Multiple System Atrophy (MSA) is a rare, neurodegenerative disorder affecting multiple body systems. Major symptoms can occur in any combination including ataxia (loss of balance and coordination), severe low blood pressure leading to dizziness or fainting when standing, bladder retention or incontinence, constipation, male impotence, speech and swallowing difficulties, sleep disorders, breathing problems, and rigidity and tremor similar to Parkinson Disease.
MSA can actually be considered three disorders in one.
- Sporadic Cerebellar Ataxia
- Atypical Parkinsonism (Parkinson Plus)
- Autonomic Dysfunction (Dysautonomia)
In the past these terms were used to describe what were once thought to be three separate disorders:
- Sporadic Olivopontocerebellar Atrophy (OPCA)
- Striatonigral Degeneration (SND)
- Shy-Drager Syndrome (SDS)
The currently recognized terminology includes only two types of MSA:
- MSA-C when cerebellar symptoms are the first prominent symptoms
- MSA-P when parkinson symptoms are the first prominent symptoms
The term MSA-A was once used to denote autonomic difficulties, however the most recent consensus guidelines on the diagnosis of Multiple System Atrophy specify that autonomic and/or urinary dysfunction is included in both MSA-C and MSA-P.
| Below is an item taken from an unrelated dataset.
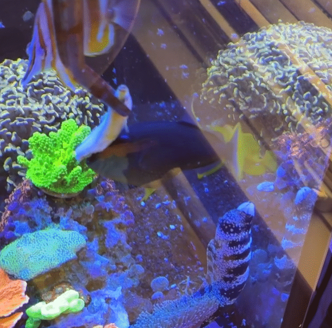 Maxima clam, squamosa clam, rose bubble tip anemone, bubble coral, torch coral, gold hammer coral, blastomussa, rock flower anemome, montipora capricornis, acropora, montipora spongoda, zoanthids, mushrooms, candycane coral, blue jaw triggerfish, copperband butterfly fish, clarkii clownfish, red hawkfish, coral beauty angelfish, blue damselfish, longnose hawkfish, coral banded shrimp, yellow tang, snow flake eel

Multiple System Atrophy is not known to be hereditary, but occurs sporadically with no known family history. It affects both males and females primarily in middle age.
Statistical data gives the average age of onset at 50 and the average course of the disease at about 10 years. With knowledge and vigilant medical care, the most troubling symptoms can be managed however and life expectancy can be extended.